- Opening Delimiter -

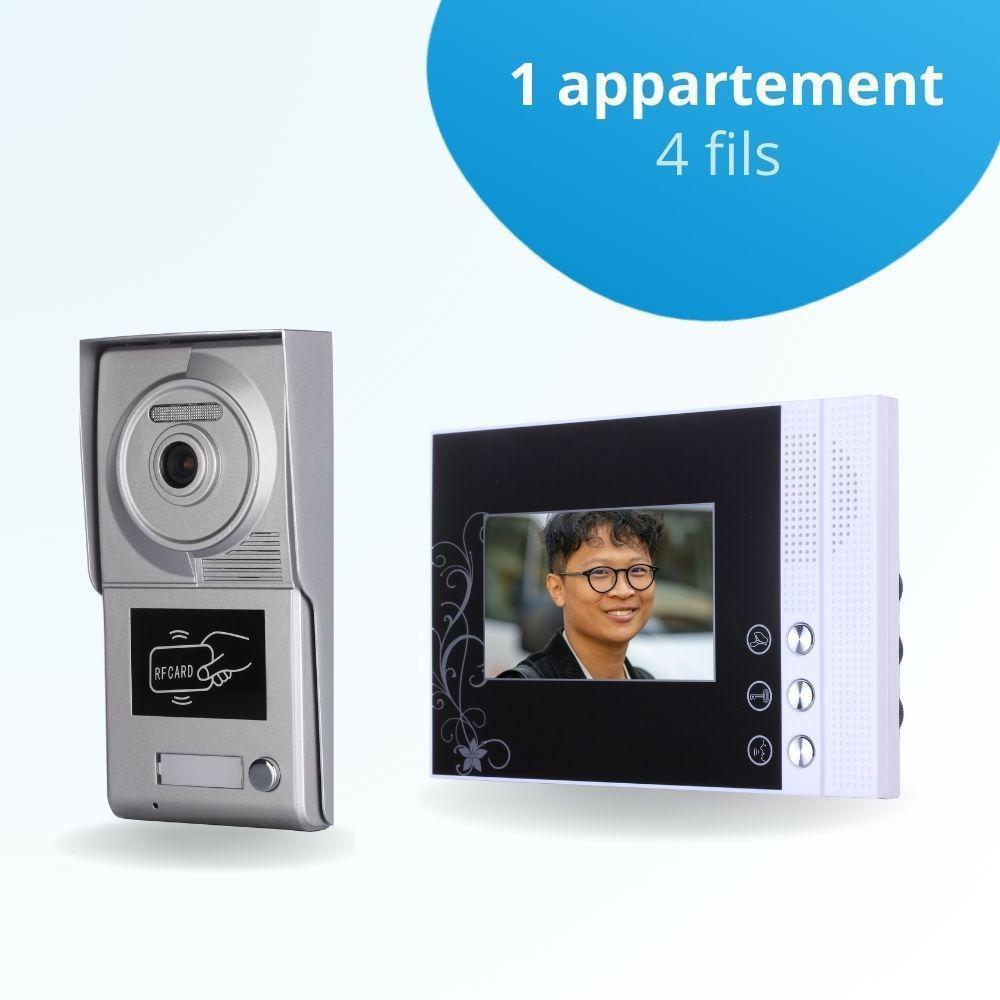 Kit visiophone 4 fils avec lecteur de badge permettant de gérer l'accès d’un logement grâce au portier 1 bouton et à la station intérieure couleurs.
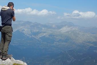 Vista de la cima de la Peña MontañesaEl camino desciende en dirección a la Canal Mayor y continúa, más adelante, rodeando la cima de la Peña Montañesa por su cara sur. Después giramos al este para afrontar la subida final por una pedrera con más pendiente. Los últimos metros se hacen duros. En la cima de la Peña Montañesa hay un punto geodésico y una pirámide metálica. La mejor recompensa son las fabulosas vistas del Pirineo aragonés. Descansamos un buen rato en la cima antes de iniciar el retorno por el mismo camino.
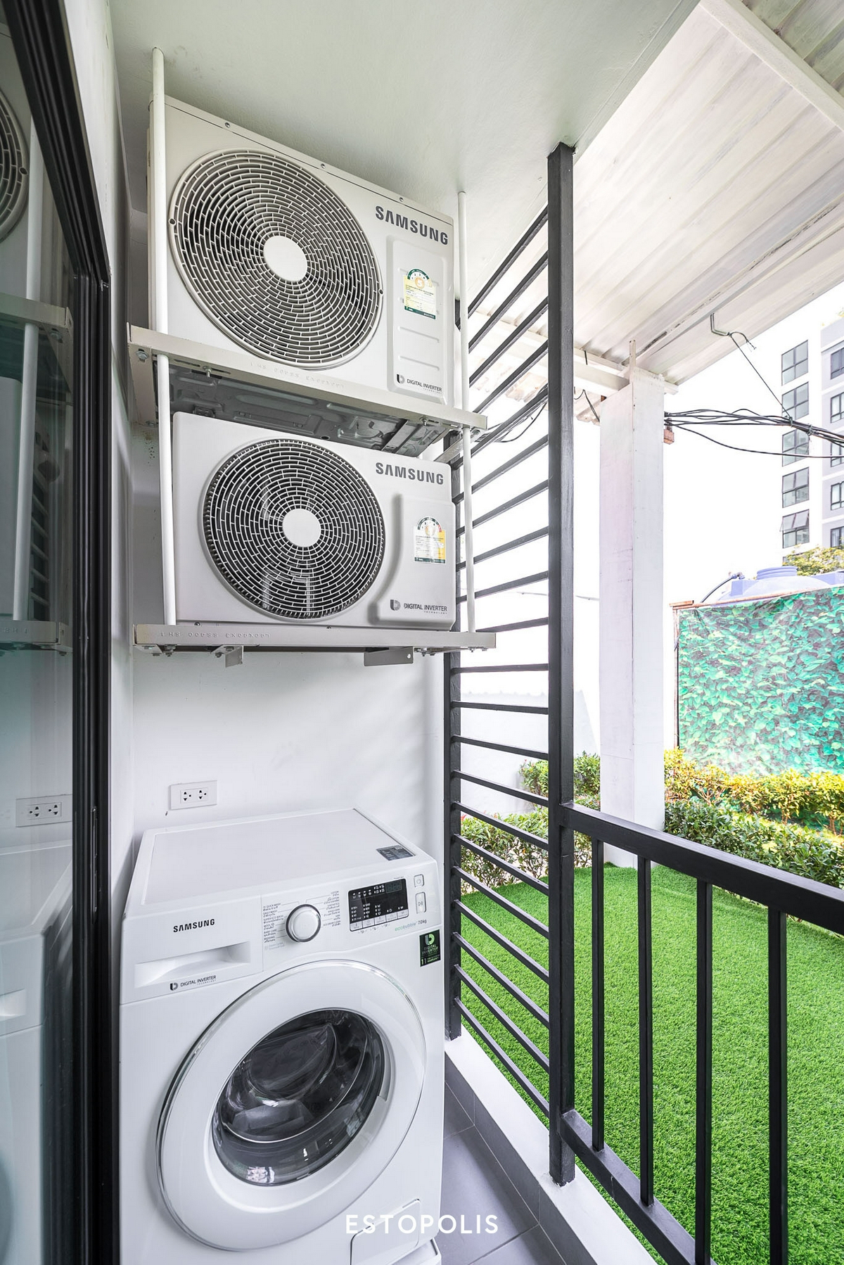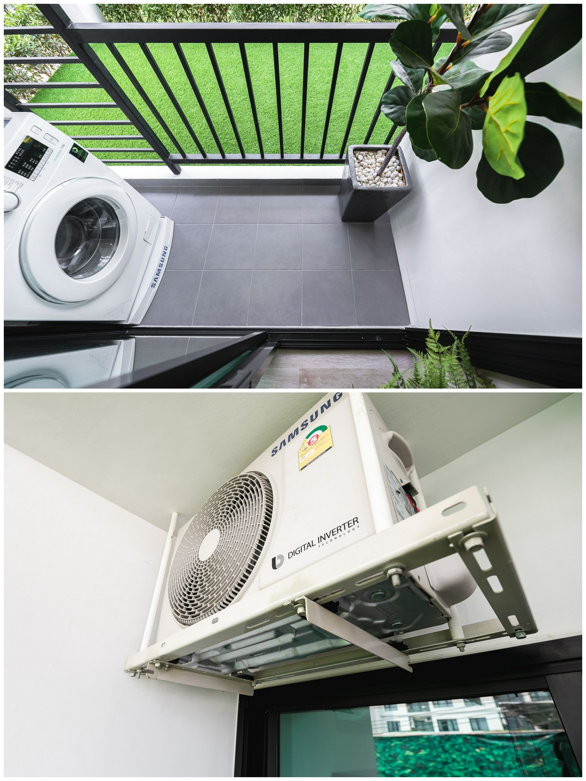 ส่วนฝั่งซ้ายมือของระเบียง ก็จะแขวนคอมเพรสเซอร์แอร์ไว้ทางด้านบนอีก 2 เครื่อง โดยด้านล่างจะมีการวางระบบไฟและระบบน้ำ สำหรับการติดตั้งเครื่องซักผ้าเอาไว้ให้ และมีท่อระบายน้ำอยู่ตรงพื้นใกล้ ๆ กัน เราจึงหมดกังวลเรื่องคราบน้ำขังที่พื้นระเบียงไปได้เลย

- Closing Delimiter -

ACTIVITY: Write out, word for word, the lines from the start of the data through the one holding "Vista de la". Omit pictures.

OUTPUT BELOW:
 Kit visiophone 4 fils avec lecteur de badge permettant de gérer l'accès d’un logement grâce au portier 1 bouton et à la station intérieure couleurs.
 Vista de la cima de la Peña MontañesaEl camino desciende en dirección a la Canal Mayor y continúa, más adelante, rodeando la cima de la Peña Montañesa por su cara sur. Después giramos al este para afrontar la subida final por una pedrera con más pendiente. Los últimos metros se hacen duros. En la cima de la Peña Montañesa hay un punto geodésico y una pirámide metálica. La mejor recompensa son las fabulosas vistas del Pirineo aragonés. Descansamos un buen rato en la cima antes de iniciar el retorno por el mismo camino.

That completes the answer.